In the 2006 horror The Hills Have Eyes, a remake of Wes Craven's 1977 cult classic, a family on a cross-country roadtrip is terrorized in the desert by a clan of scavengers that have been hideously mutated by nuclear fallout from secret government experiments. Along for this vacation from hell are a young mother (Vinessa Shaw), her parents (Ted Levine and Kathleen Quinlan), her two siblings (Emilie de Ravin and Dan Byrd), and her husband (Aaron Stanford). The film is directed by Alexandre Aja (High Tension), and Craven serves as a producer.

In this interview, Vinessa Shaw and Dan Byrd talk about working on the project.

The Interview

MEDIA: As a moviegoer, is this a type of film you'd like to see?
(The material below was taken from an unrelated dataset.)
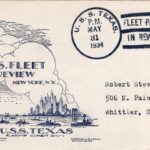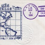 Many crew members spread their art throughout the ship and beyond to the homefront. Men on Texas sponsored and designed naval covers for envelopes in a practice that became heavily popularized in the 1930s. The trend was not unique to Texas, and widely featured throughout the entire fleet. Covers could encompass a wide variety of modes. Collage, small oil painting directly on the envelope, stickers or pasted on cutouts, and even just pen and pencil were common. The most common variant on Texas was block printing, using ink stamps to decorate many different envelopes and allowing a single design a wider audience. The practice was most popular on holidays and special events when and where the ship may be. Designs were typically monochromatic, where multiple colors often indicated a confluence of individual illustrations. Eric O. Tauer, Sidney N. Bremer, and Elmer J. Birdsall were amongst the more prolific designers and heavily feature on many envelopes donated to Battleship Texas Foundation. While they would again adorn the faces of envelopes following World War II, the war years saw a hiatus from the activity in lieu of more cost-effective methods of mail transportation which relegated envelopes unnecessary.
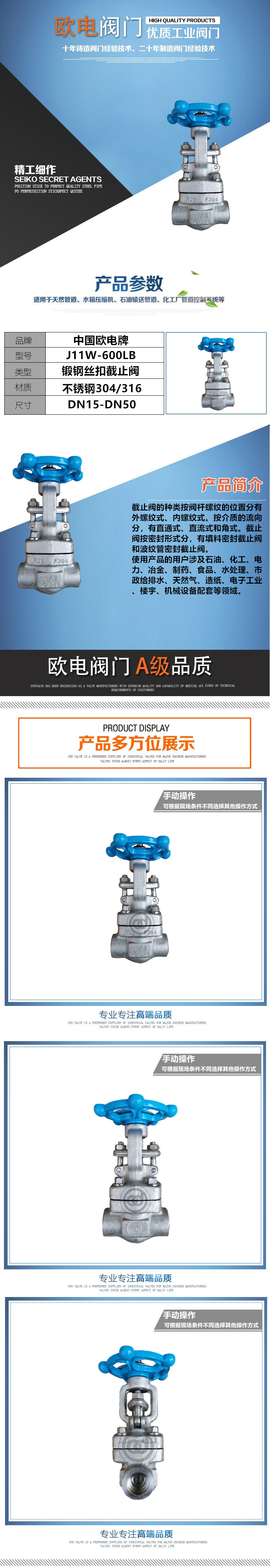 3、介质的流向应与阀体所示箭头方向一致。 锻钢丝扣截止阀技术指标:

VINESSA: I would never see this movie because I'm frightened of horror movies. Ever since I was a kid, my friends who always wanted to see them would mortify me by showing me clips from a movie, and I would have to run in the other room, call my parents, and go home--that kind of thing. And especially Nightmare on Elm Street movies. (Sorry, Wes!) The idea of anything that was not related to reality would scare me more. You know, movies like The Shining I would be able to see more easily. I don't know, I'm odd that way. But things that could just possibly come out of nowhere...Crazy, fabricated monster...No way.

So what made you want to do a horror flick?

VINESSA: [laughs] Well, I guess I could be good in it since I'm so frightened of those kinds of concepts. But this one in particular really attracted me because of the filmmakers. I really thought that they had a great stance on it. Like it's very different, very heartfelt, [and] heartbreaking because of the characters involved. So that's kind of what made the difference. It was more of an actor's piece, if you can believe that, in a horror movie.

Dan, same question: Is this a type of film you'd like to see?

DAN: I'm typically not the biggest horror movie fan either.

But you've been in quite a few of them...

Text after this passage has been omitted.